As dark as the sorrow she was named for, she appeared by his side. A mere wisp only he could see.
Thorn pulled the medallion from his pocket and handed it to her. “I need you to take this to Devyl. He’ll know what to do with it. And tell him that I haven’t abandoned him. I’ll be in touch as soon as I can.”
She scowled. “You’re bidding me to do good?”
“I am.”
That only baffled her more. But she faded away and left him to continue his fight.
Thorn lifted his shield and chased after a demon that was flying for Adidiron’s back. He didn’t get far before the demon turned to face him with a snide grin that was all too familiar.
Paimon.
Damn him.
“Hello, my son.”
Thorn shuddered at his “friendly” greeting. “Don’t call me that.”
“Why? It’s what you are, aren’t you?”
Thorn curled his lip. “Just because you carried my father’s sperm doesn’t make us related. Really, Paimon … you’re just a two-bit pimp doing whatever you’re told.”
“That makes your mother a whore, does it not?”
Thorn dodged the sword strike that would have severed his head had it made contact. “Your words are as clumsy as your fighting skills. My mother sold her soul to conceive me. That’s an undeniable fact. Call her what you will. Makes no never mind where I’m concerned.”
Mostly because his mother had hated him the moment he’d been born over said bargain. And Thorn hated everyone who’d had a hand in his conception—his mother, father, Jaden, Paimon, and Lucifer. End of the day, they’d all taken turns screwing him.
Which was nothing compared to what his stepfather had done the day he’d learned of their bargain. And the fact that his “beloved son and heir” wasn’t really his, but rather a cruel hoax played on his gullible stupidity by a conniving bitch and her demon lover so that she could maintain her position and her lover could connive to steal his throne.
Aye, Thorn still had those scars.
Outside and in.
It was why he fought so hard now. No one should be used by others for their own gain. Damned because someone else was selfish and had sold them out without any regard for what it would mean to them once the truth became known. He’d had no choice in what had been done to him.
That anger and hatred had turned him into a monster at a time in his human existence when he should have been carefree and looking forward to a life well spent. Instead, he’d become the very thing his stepfather had wanted him to be—had trained him to be.
The fiercest warlord to ever lead his army over blood-saturated fields. And his stepfather’s head had been one of the first Thorn had claimed as a trophy—payback for the betrayal of casting him aside so very brutally over something he couldn’t help.
There, for a time, Thorn had been content and happy to play the beast, and slaughter everything he came into contact with.
Until the day he’d seen himself for what he really was. And that sight still haunted him in a way no demon or monster ever could.
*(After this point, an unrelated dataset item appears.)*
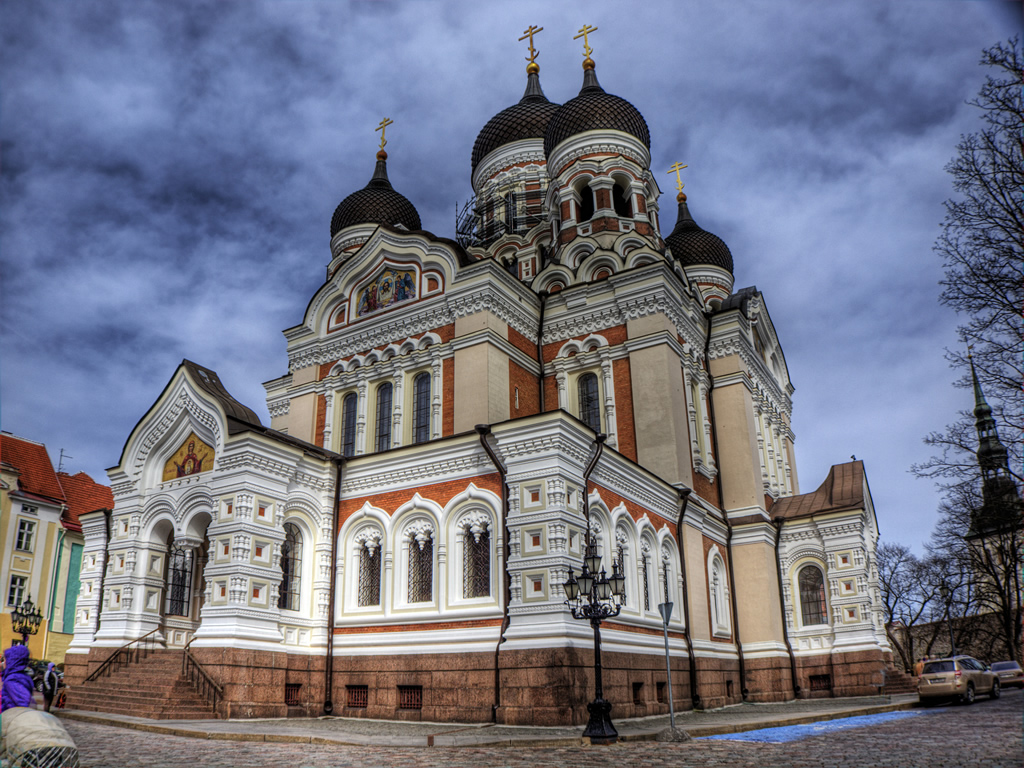 Description: A large building with a tower and a clock on it's side and a cloudy sky in the background.

For he knew the truth.
He was the scary thing that gave grown men and ruthless demons nightmares.
But never again.
Thorn raked a sneer over Paimon’s horned, ghastly form. “Crawl home, you fetid bastard. Slither into your pit and stay there until you find some semblance of decency.”
Paimon laughed in his face. “You’ve been corrupted by humanity. How can you put faith in something so pathetic and weak?”
He smirked. “We live by faith. Not by sight or proof.”
“How can you have faith after the way they’ve turned on you and done you?”
Shrugging, Thorn answered with the simple truth. “The testing of faith produces perseverance, and faith without action is worthless.”